I;ve tried a few Dollorama's near me and nothing.

Could go to Walmart but I prefer not to.

Looks like Ikea has em for 6.99, I think I'll give them a shot.

Leon how many are you down for?


----------



## Beijing08 (Jul 19, 2010)

2 is good thanks.


----------



## BillD (Jun 5, 2006)

Cheap timers are everywhere. The problem is that most are strictly for lighting and are for 2 prong plugs. I bought a 3 prong at Giant Tiger a couple of years ago for about $6.


----------



## Arkerone (Mar 15, 2011)

I got a power bar from Walmart, 4 regular outlets, 4 on a timer (or you can disable the timer and have all 8 on) was about $10 iirc


----------



## bigfishy (Jun 19, 2009)

Dollar Rama sell digital timer (2 plugs) for $2


----------



## Greg_o (Mar 4, 2010)

Which Dollarama? I've been to a couple in Mississauga and one in Brampton and haven't seen them.


----------



## Tbird (Oct 5, 2009)

Found them at the Dundas location just east of Winston Churchill.
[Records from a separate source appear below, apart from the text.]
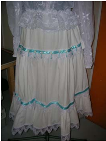
KUVIO 10. Alushame

Päällyshameen alla on täyspitkä puuvillainen alushame. Se on usein kolmekerroksinen. Jokaisesta kerroksesta käytetään nimitystä roosu. Jokaisessa kerroksessa on kaksi kertaa enemmän kangasta kuin edellisessä. Alushame koristellaan pitsein, rusetein ja kukkasin. Alushame on yleensä valkoinen, beige, musta tai sininen. Alushameen väri valitaan kulloinkin päälle puetun röijyn mukaan. (Miettinen 2007). Kuviossa 10 on kuvattu perinteinen puuvillainen alushame.
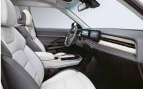
그레이 투톤 인테리어 (헤드라이닝 : 그레이)
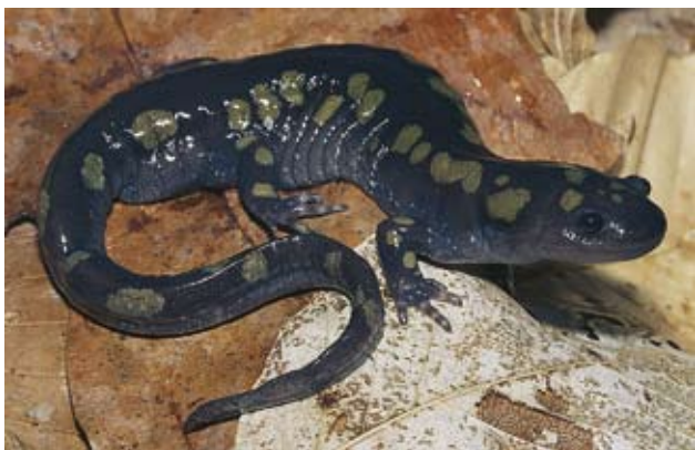
Ryc. 8. Ambystoma maculatum poza okresem godowym.

ta. Barwa spodu ich ciała pełni funkcje odstrasżające, natomiast strona grzbietowa jest mimetyczna. To ciekawy przykład obrony przed drapieżnikami poprzez łączenie dwóch form ubarwienia.
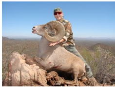
Cacería de borregos.
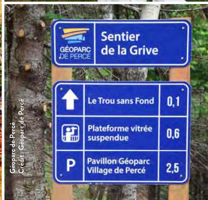
Géoparc de Percé
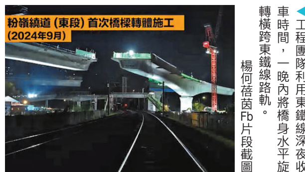
▲工程團隊利用東鐵線深夜收車時間，一晚上將橋身水平旋轉橫跨東鐵線路軌。 楊何蓓茵 Fb 片段截圖
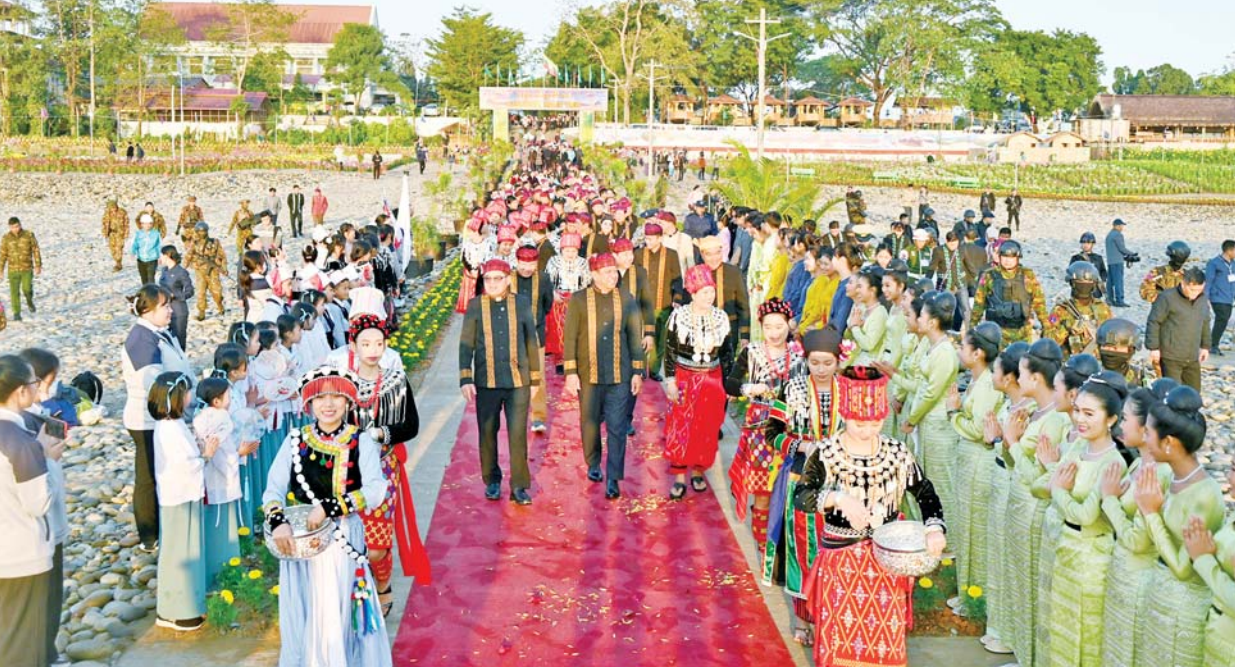
ရောဝတီရှုခင်းသာ အပန်းဖြေစခန်း ဖွင့်ပွဲအခမ်းအနားကျင်းပစဉ်။

ထို့နောက် ဒုတိယဝန်ကြီးချုပ် နှင့် ပြည်ထောင်စုဝန်ကြီးနှင့် အဖွဲ့ဝင်များသည် ပြည်နယ် ဝန်ကြီးချုပ်နှင့်အတူ (၇၇)နှစ် မြောက် ကချင်ပြည်နယ်နေ့ အထိမ်းအမှတ် မြစ်ကြီးနားမြို့ ရောဝတီကွက်ရှိ ကချင်ပြည်နယ် ယဉ်ကျေးမှုပြတိုက် အဆောင်သစ် ပထမအဆင့် ဖွင့်ပွဲအခမ်းအနားသို့ တက်ရောက်ကြသည်။
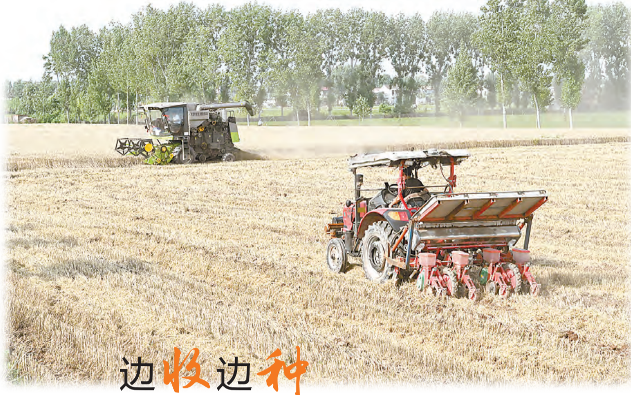
6月7日,沁阳市王曲乡南鲁村,农民一边收割小麦,一边播种玉米。

为助力“三夏”生产,做好“三夏”期间脱贫人口和监测对象帮扶工作,市乡村振兴局专门提前下发通知,强化精准帮扶,全市261个驻村工作队全部投入夏粮抢收工作。截至6月7日,全市共走访群众10235户,协调机械903台(次),帮扶困难群众2207户,帮助抢收小麦21213亩。
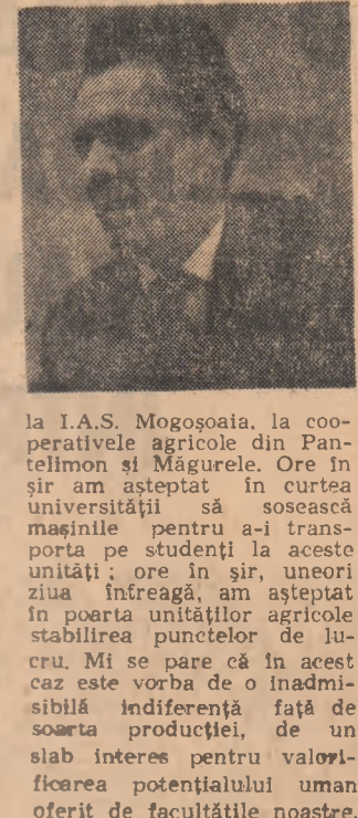
la I.A.S. Mogoșoaia, la cooperativele agricole din Pantelimon și Măgurele. Ore în sir am așteptat în curtea universității să sosească mașinile pentru a-i transporta pe studenți la aceste unități; ore în sir, uneori ziua întreagă, am așteptat în poarta unităților agricole stabilirea punctelor de lucru. Mi se pare că în acest caz este vorba de o inadmisibilă indiferență față de soarta producției, de un slab interes pentru valorificarea potențialului uman oferit de facultățile noastre.

Tovarășul Zorin Zamfir, prorectorul Universității din București, ne spune: se împlineste o lună de cînd studenții noștri participă la muncile patriotice în agricultură. Zilnic 1.500. În general remarcăm dorința entuziastă a studenților de a contribui la această acțiune ce concentrează, sub o formă sau alta, eforturile întregului popor. Pentru dăruirea cu care au lucrat și remarcă studenții de la facultățile de limbi și literatură germanice și slave, chimie și geografie. În general, între conducerea Universității și unitățile agricole beneficare a existat o bună colaborare. Exemplară din acest punct de vedere este colaborarea cu I.A.S. Mihăilești și I.A.S. Bragadiru. Specialiștii acestor unități se află continuu printre studenții noștri, li inițiază în activitatea ce o au de desfășurat, contribuie operativ la remedierea neajunsurilor. Surprinde neplăcut, însă, nepăsarea cu care studenții noștri au fost primii la Institutul de cercetări legumicole de la Vidra.
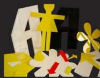
découpes en plexiglass
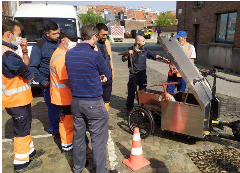
Session de découverte de vélos-cargos et d'analyse des besoins avec le service des hydrants de Vivaqua
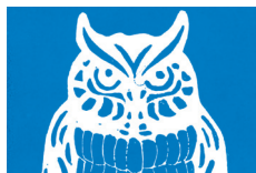
440 ★★★★★ ■●
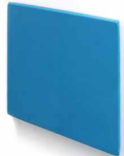
Panneaux pour ajuster l'ambiance acoustique de votre espace
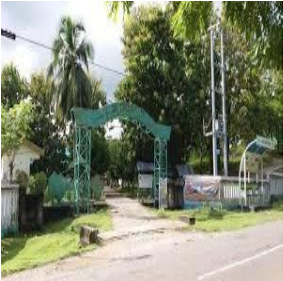
Pintu Gerbang Pondok Pesantren Al-Qur'an Babussalam Al-Muchtariyah Kecamatan Bontoharu Kabupaten Kepulauan Selayar
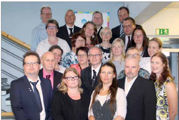
Koulun henkilökunta kokoontui juhlan loppuun yhteiseen kuvaan.
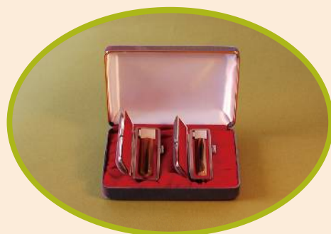
※白の見返しに「卒業記念」等の文字が入ります。 詳細は裏面をご覧ください。

(見本の印影はすべて左側が「徳川家康」、右側が「徳川」です。大きさは実際の印影とは異なります。)

I have one but haven't had a chance to try it out yet. If you like I could see if they have some and pick up a couple for you. Let me know buddy.

Later
Wil


----------



## Seb66 (Mar 15, 2011)

Picked up the digital time yesterday at the Dollarama on Dundas and Winston Churchill. Plugged it in last night and worked fine. $2 each


----------



## Greg_o (Mar 4, 2010)

Thanks Wil for the offer - just tracked down the digi timer from Dollarama.


----------